3.4 GHz is the max single-core turbo (and also 2-core), so note that this isn't the per-core GFLOPS, it's the single-core GFLOPS.
The max all-cores turbo is 2.6 GHz on that CPU, and probably won't sustain that for long with all cores maxing out their SIMD FP execution units. That's the most power-intensive thing x86 CPUs can do. So it will likely drop back to 2.4 GHz if you actually keep all cores busy.
And yes you're missing a factor of two because FMA counts as two FP operations, and that's what you need to do to achieve the hardware's theoretical max FLOPS. FLOPS per cycle for sandy-bridge and haswell SSE2/AVX/AVX2 . (Your Broadwell is the same as Haswell for max-throughput purposes.)
If you're only using addition then only have one FLOP per SIMD element per instruction, and also only 1/clock FP instruction throughput on a v4 (Broadwell) or earlier.
Haswell / Broadwell have two fully-pipelined SIMD FMA units (on ports 0 and 1), and one fully-pipelined SIMD FP-add unit (on port 1) with lower latency than FMA.
The FP-add unit is on the same execution port as one of the FMA units, so it can start 2 FP uops per clock, up to one of which can be pure addition. (Unless you do addition x+y as fma(x, 1.0, y), trading higher latency for more throughput.)
IPC (instruction per cycle) = 2;
Nope, that's the number of FP math instructions per cycle, max, not total instructions per clock. The pipeline's narrowest point is 4 uops wide, so there's room for a bit of loop overhead and a store instruction every cycle as well as two SIMD FP operations.
But yes, 2 FP operations started per clock, if they're not both addition.
Should it be multiplied by 2 (due to the pipeline technique which makes addition and multiplication can be done in parallel)?
You're already multiplying by IPC=2 for parallel additions and multiplications.

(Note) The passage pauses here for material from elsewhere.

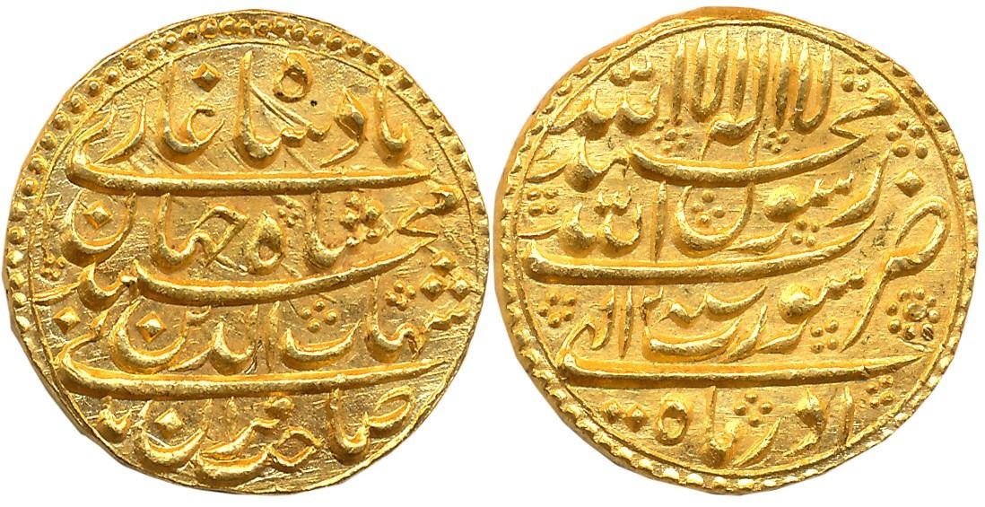 Shah Jahan, Gold Mohur, 10.95g, “Akola Hord” type, Surat Mint, RY 2, Ilahi Month Azar, Obv: Persian legend “Sahib Qiran Sani Shihab ud din Muhammad Shahjahan Badshah Gazi”, Rev: Kalma, Mint name & Ilahi Month (KM# 255.6). About uncirculated.
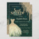 Elegant guld klänning och guld glitter droppar i grönten.

If you mean FMA (Fused Multiply-Add), then no, that's literally doing them both as part of a single operation, not in parallel as a "pipeline technique". That's why it's called "fused".
FMA has the same latency as multiply in many CPUs, not multiply and then addition. (Although on Broadwell, FMA latency = 5 cycles, vmulpd latency = 3 cycles, vaddpd latency = 3 cycles. All are fully pipelined, with a throughput discussed in the rest of this answer, since theoretical max throughput requires arranging your calculations to not bottleneck on the latency of addition or multiplication. e.g. using multiple accumulators for a dot product or other reduction.) Anyway, point being, a hardware FMA execution unit is not terribly more complex than an FP multiplier or adder, and you shouldn't think of it as two separate operations.
If you write a*b + c in the source, a compiler can contract that into an FMA, instead of rounding the a*b to a temporary result before addition, depending on compiler options (and defaults) to allow that or not.
How to use Fused Multiply-Add (FMA) instructions with SSE/AVX
FMA3 in GCC: how to enable
Instruction Set Extensions: AVX2, so #SIMD = 256/64 = 8;
256/64 = 4, not 8. In a 32-byte (256-bit) SIMD vector, you can fit 4 double-precision elements.
Per core per clock, Haswell/Broadwell can begin up to:
two FP math instructions (FMA/MUL/ADD), up to one of which can be addition.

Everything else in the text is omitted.